*PROBLEM DESCRIPTION*
Exactly the lines from the one containing "L'Ours Brun : un" through the one containing "Acesso directo à" in the listing below are to be copied, with the pictures left out.

*RECORD EXCERPTS*
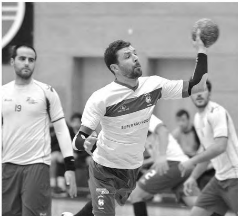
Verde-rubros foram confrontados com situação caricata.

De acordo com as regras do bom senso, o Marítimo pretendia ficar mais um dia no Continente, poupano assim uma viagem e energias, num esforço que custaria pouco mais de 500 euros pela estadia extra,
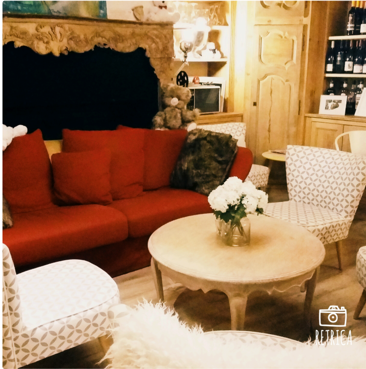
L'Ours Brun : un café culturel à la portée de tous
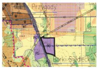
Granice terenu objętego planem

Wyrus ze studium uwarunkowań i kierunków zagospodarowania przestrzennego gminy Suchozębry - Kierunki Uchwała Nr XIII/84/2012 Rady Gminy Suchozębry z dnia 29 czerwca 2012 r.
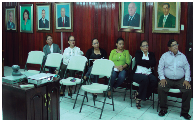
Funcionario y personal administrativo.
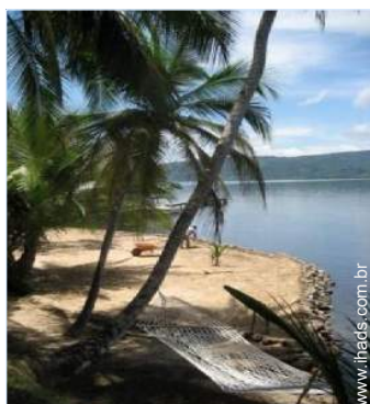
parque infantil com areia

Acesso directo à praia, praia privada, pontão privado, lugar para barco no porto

---

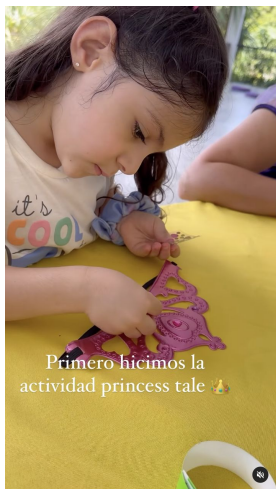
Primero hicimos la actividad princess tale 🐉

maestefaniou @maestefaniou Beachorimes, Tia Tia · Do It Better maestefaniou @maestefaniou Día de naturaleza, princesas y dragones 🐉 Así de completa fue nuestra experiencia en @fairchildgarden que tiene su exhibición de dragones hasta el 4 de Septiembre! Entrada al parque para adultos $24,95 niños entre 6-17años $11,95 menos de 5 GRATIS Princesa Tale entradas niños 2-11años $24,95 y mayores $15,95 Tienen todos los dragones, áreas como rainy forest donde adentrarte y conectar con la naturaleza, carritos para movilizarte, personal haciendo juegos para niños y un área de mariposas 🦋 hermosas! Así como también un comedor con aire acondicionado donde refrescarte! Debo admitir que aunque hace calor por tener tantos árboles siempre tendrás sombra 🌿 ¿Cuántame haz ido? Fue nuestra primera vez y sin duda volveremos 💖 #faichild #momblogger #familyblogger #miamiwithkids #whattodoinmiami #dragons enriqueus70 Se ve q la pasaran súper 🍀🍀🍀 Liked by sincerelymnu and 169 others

...

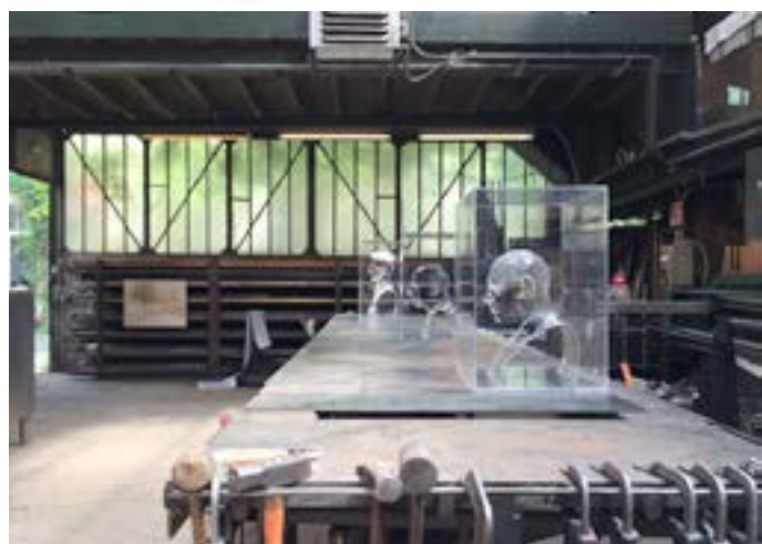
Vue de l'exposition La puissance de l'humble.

*YOUR SOLUTION*
L'Ours Brun : un café culturel à la portée de tous
Granice terenu objętego planem

Wyrus ze studium uwarunkowań i kierunków zagospodarowania przestrzennego gminy Suchozębry - Kierunki Uchwała Nr XIII/84/2012 Rady Gminy Suchozębry z dnia 29 czerwca 2012 r.
Funcionario y personal administrativo.
parque infantil com areia

Acesso directo à praia, praia privada, pontão privado, lugar para barco no porto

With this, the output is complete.